Stay away from the boards.


----------



## Bill Hall (Jan 6, 2007)

Stay away from sour grapes.


----------



## Mexkilbee (Apr 17, 2008)

You need to know, or realize that you get out, what you put in. Actually your lucky if you get out half of what you put in. If you do your research and development, listen to the top guys (Keep aware not everyone is interested in teaching you how to beat them), you should do all right. If you go to the track 2 nights to practice, spend one night "Bench" racing, or tearing down and cleaning up some cars. T-Jets, got to keep them clean. Also realize that no matter how fast you are, there is someone faster..., quicker, better in the turns... Don't give up on it cause you didn't win your first race, work on your cars, work on our driving skills, and have fun. Get better.


----------



## SuperFist (Aug 7, 2005)

If you wanna go fast, BSRT G3 H.O. cars in any format is all you need.
No modifications or tuning necessary to really rock and roll.

*BSRT* http://scaleauto.com/

__________________


----------



## tomhocars (Oct 19, 2005)

If you really find you love this then the best thing is to have a sence of humor.This is supposed to be fun.Come on the chat room on wednesday night,around 9 or 10.We will take turns breaking your chops.Just stay away from Bill Hall,Bumper,Bob Zilla,coach,doba, split ,wheelz,win43,hilltop raceway,slotcarman,joez, and most anyone else and you'll be fine.
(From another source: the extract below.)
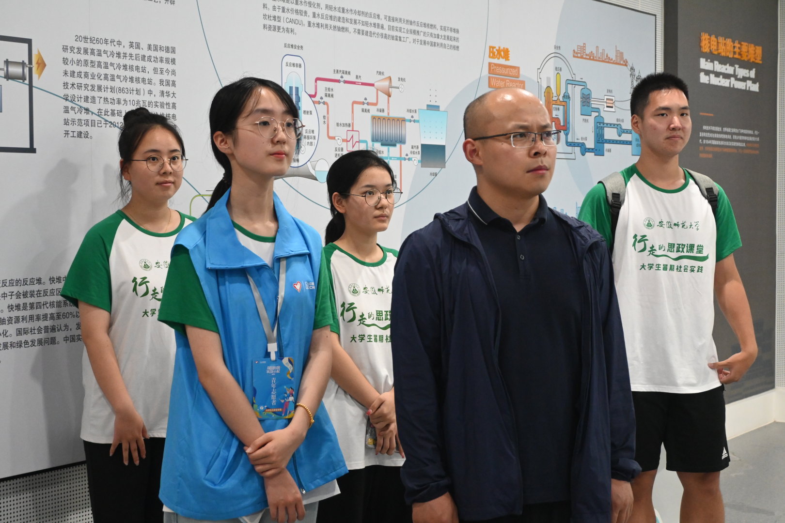 赴芜湖“强‘核’报国,星向未来”本科生社会实践团队,共同参观安徽省核科技馆,听取学生讲解“两弹一星”精神,并开展思政课。孙辉老师指出,暑期社会实践团队成员之间应该既要有明确的责任分工,又要加强彼此之间的联系,增强团队成员的集体责任感。同时,针对宣讲的主题,将思想政治融入到“两弹一星”精神之中,提出“‘两弹一星'精神独立自主”的概念,教导团队成员要在完成自身学业基础追求的前提之下,尽可能地追求精神方面的成功。今后要将“两弹一星”精神融入思政课教学中,充分发挥意识的能动作用,为培养中国特色社会主义事业的建设者和接班人提供思想引领。
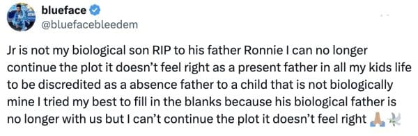 “Jr is not my biological son RIP to his father Ronnie I can no longer continue the plot it doesn’t feel right as a present father in all my kids life to be discredited as a absence father to a child that is not biologically mine I tried my best to fill in the blanks because his biological father is no longer with us but I can’t continue the plot it doesn’t feel right

Thanks Tom Stumpf


----------



## tjettim (Nov 29, 2005)

Do you have a local club to race in? A state series? Or do you
just want a track in your basement to have fun on?


----------



## slotcarman12078 (Oct 3, 2008)

tomhocars said:


> If you really find you love this then the best thing is to have a sence of humor.This is supposed to be fun.Come on the chat room on wednesday night,around 9 or 10.We will take turns breaking your chops.Just stay away from Bill Hall,Bumper,Bob Zilla,coach,doba, split ,wheelz,win43,hilltop raceway,slotcarman,joez, and most anyone else and you'll be fine. Thanks Tom Stumpf


Or in other words, talk to Tom!! LOL!!!


----------



## ScottD961 (Jan 31, 2008)

tomhocars said:


> If you really find you love this then the best thing is to have a sence of humor.This is supposed to be fun.Come on the chat room on wednesday night,around 9 or 10.We will take turns breaking your chops.Just stay away from Bill Hall,Bumper,Bob Zilla,coach,doba, split ,wheelz,win43,hilltop raceway,slotcarman,joez, and most anyone else and you'll be fine. Thanks Tom Stumpf


 Yeah watch all of those guys,but me an Tom are ok ! LOL :thumbsup:


----------



## T-Jet Racer (Nov 16, 2006)

I dont know if you have 2 or more racers, but the a/fx super international set is a no brainer to start with at around 140.00 you get a nice se;ection of track 4 fast cars. Best thing in my opinion is try a few different layouts, find one you are pretty happy with, and mount it to a table. it beats sitting on a floor or set it up tear it apart. Also if you mount it you will be able to go thru the joints and fix them up to get a smoother ride around the couse. Dont forget to put up a rail or boarders around the table so when they fly off they dont get broken. there are a lot of tips on this board. everyone here is friendly and helpfull from what I have seen. Good luck with your new hobby, remember itd not toys, its a hobby, the more you play around the more involved you will become.


----------